Three eighth-grade girls expelled from school for making comments on Facebook about killing classmates posed a threat to other students, attorneys for a northwestern Indiana school district said.
The Griffith Public Schools, in a response filed Tuesday to a federal lawsuit, disputed arguments that the 14-year-old girls' posts were a joke and that the expulsions violated the students' free-speech rights.
The school district's response includes excerpts from among nearly 70 Facebook comments that were posted by the girls during a two-hour period in January. Those comments included names of at least five people they wanted to kill and discussions of using guns, knives, box cutters and gasoline and filling a bath tub with acid to dissolve a body, according to the court filing.
"These comments and this disturbing conversation posed a `true threat' and two of the threatened students were so fearful of the threats that they missed classes and school," the district's response said.
The district hadn't previously commented on the lawsuit, which was filed in April in U.S. District Court in Hammond.
The American Civil Liberties Union of Indiana, which is representing the girls, argues that Griffith schools officials violated the girls' civil rights by expelling them on the basis of a personal, off-campus conversation.
An ACLU lawyer has said that it was clear the girls were joking because their remarks were accompanied by smiley faces and other emoticons, along with Internet shorthand, such as "LOL."
The girls were suspended and later expelled in January after a classmate's mother alerted officials at Griffith Middle School to the posts. The district said the mother went to school administrators after her daughter refused to attend school because she was afraid of "the graphic threats."

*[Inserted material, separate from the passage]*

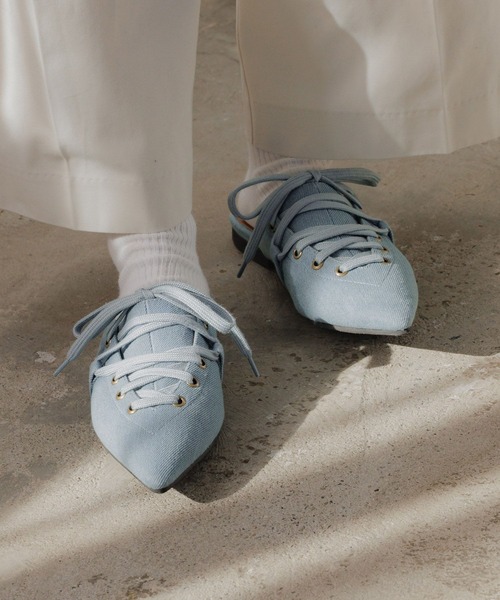 気軽に合わせたいヘルシーな大人ミュール ロングシーズン活躍!デイリーに取り入れやすいフラットミュール。 【デザイン】 ポインテッドトゥ×レースアップの組み合わせが今年らしく、ローヒールがすっきりと大人っぽい印象に。 程よいアクセントにちょうど良い、レザー調のシルバー(15)とデニム生地のブルー(80)の全2色展開です。 【機能】 手を使ったりしゃがまずにさっと脱ぎ履きがしやすいため、忙しい朝やちょっとしたお出かけにも便利です。 【おすすめスタイリング】 フルレングスパンツからちらっと見せたり、ワンピース合わせで抜け感をプラスしたり、幅広いテイストにぴったり! きちんと感を残しつつ、軽やかな足元に仕上げてくれます。 素足にはもちろんソックス合わせも可愛く、春~秋口までロングシーズン楽しめます。 ※屋外の光や照明の当たり具合で、実物と色味が異なって見える場合がございます。詳細画像の色味をご確認ください。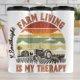 Das ist ein rustikales Grafikdesign mit einem Bauernthema. Das zentrale Bild zeigt einen klassischen Traktor, der einen Anhänger zieht, und eine traditionelle Scheune mit einer Windmühle. Die Szene ist Set in einem gepflügten Feld vor einem Sonnenuntergang mit einer strahlenden Sonne und Wolken. Die Ausdrücke "FARM LIVING" und "IS MY THERAPY" werden in einem kühlen, verwitterten Schriftart prominent über und unter der Szene dargestellt. Das Design ist unten durch einen Zaun mit dekorativen Weizenbündel eingeschlossen.

The girls' postings "constituted a substantial disruption to the school environment, thus warranting the school's actions," the district's filing said.
The controversy began after school on the afternoon of Jan. 24, when one of the girls posted a Facebook status update "concerning her disdain for cutting herself while shaving her legs," according to court documents.
The update was only visible to that particular girl's Facebook friends. Then the three girls began commenting on the status update from their personal home computers, allegedly joking about various topics in some 70 comments that were posted in the span of two hours, Rose said earlier this year in an ABC News report.